Keypoint matching

Keypoint matching matches different points of interests that belong to same object appearing in two different images. Most modern keypoint matchers take images as input and output the following:

Keypoint coordinates (x,y): one-to-one mapping of pixel coordinates between the first and the second image using two lists. Each keypoint at a given index in the first list is matched to the keypoint at the same index in the second list.
Matching scores: Scores assigned to the keypoint matches.

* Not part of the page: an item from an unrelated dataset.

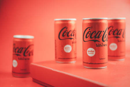 Bangkok, Thailand - June 3, 2021 : Mini can of new Coca-Cola Coke without Sugar comes with a new look on a red background. The most popular beverage is a carbonated beverage produced by Coca-Cola.

In this tutorial, you will extract keypoint matches with the [EfficientLoFTR] model trained with the MatchAnything framework, and refine the matches. This model is only 16M parameters and can be run on a CPU. You will use the [AutoModelForKeypointMatching] class.

python

from transformers import AutoImageProcessor, AutoModelForKeypointMatching
import torch

processor = AutoImageProcessor.from_pretrained("zju-community/matchanything_eloftr")
model = AutoModelForKeypointMatching.from_pretrained("zju-community/matchanything_eloftr"))

Load two images that have the same object of interest. The second photo is taken a second apart, it's colors are edited, and it is further cropped and rotated.

python

from transformers.image_utils import load_image
image1 = load_image("https://huggingface.co/datasets/huggingface/documentation-images/resolve/main/bee.jpg")
image2 = load_image("https://huggingface.co/datasets/huggingface/documentation-images/resolve/main/bee_edited.jpg")

images = [image1, image2]

We can pass the images to the processor and infer.

python

inputs = processor(images, return_tensors="pt")
with torch.no_grad():
    outputs = model(**inputs)

We can postprocess the outputs. The threshold parameter is used to refine noise (lower confidence thresholds) in the output matches.

python

image_sizes = [[(image.height, image.width) for image in images]]

outputs = processor.post_process_keypoint_matching(outputs, image_sizes, threshold=0.2)
print(outputs)

Here's the outputs.

text

[{'keypoints0': tensor([[4514,  550],
          [4813,  683],
          [1972, 1547],
          ...
          [3916, 3408]], dtype=torch.int32),
  'keypoints1': tensor([[2280,  463],
          [2378,  613],
          [2231,  887],
          ...
          [1521, 2560]], dtype=torch.int32),
  'matching_scores': tensor([0.2189, 0.2073, 0.2414, ...
    ])}]

We have trimmed the output but there's 401 matches!

python

len(outputs[0]["keypoints0"])
# 401

We can visualize them using the processor's [~EfficientLoFTRImageProcessor.visualize_keypoint_matching] method.

python

plot_images = processor.visualize_keypoint_matching(images, outputs)
plot_images

Optionally, you can use the [Pipeline] API and set the task to keypoint-matching.

python

from transformers import pipeline 

image_1 = "https://huggingface.co/datasets/huggingface/documentation-images/resolve/main/bee.jpg"
image_2 = "https://huggingface.co/datasets/huggingface/documentation-images/resolve/main/bee_edited.jpg"

pipe = pipeline("keypoint-matching", model="zju-community/matchanything_eloftr")
pipe([image_1, image_2])

The output looks like following.

bash

[{'keypoint_image_0': {'x': 2444, 'y': 2869},
  'keypoint_image_1': {'x': 837, 'y': 1500},
  'score': 0.9756593704223633},
 {'keypoint_image_0': {'x': 1248, 'y': 2819},
  'keypoint_image_1': {'x': 862, 'y': 866},
  'score': 0.9735618829727173},
 {'keypoint_image_0': {'x': 1547, 'y': 3317},
  'keypoint_image_1': {'x': 1436, 'y': 1500},
  ...
 }
]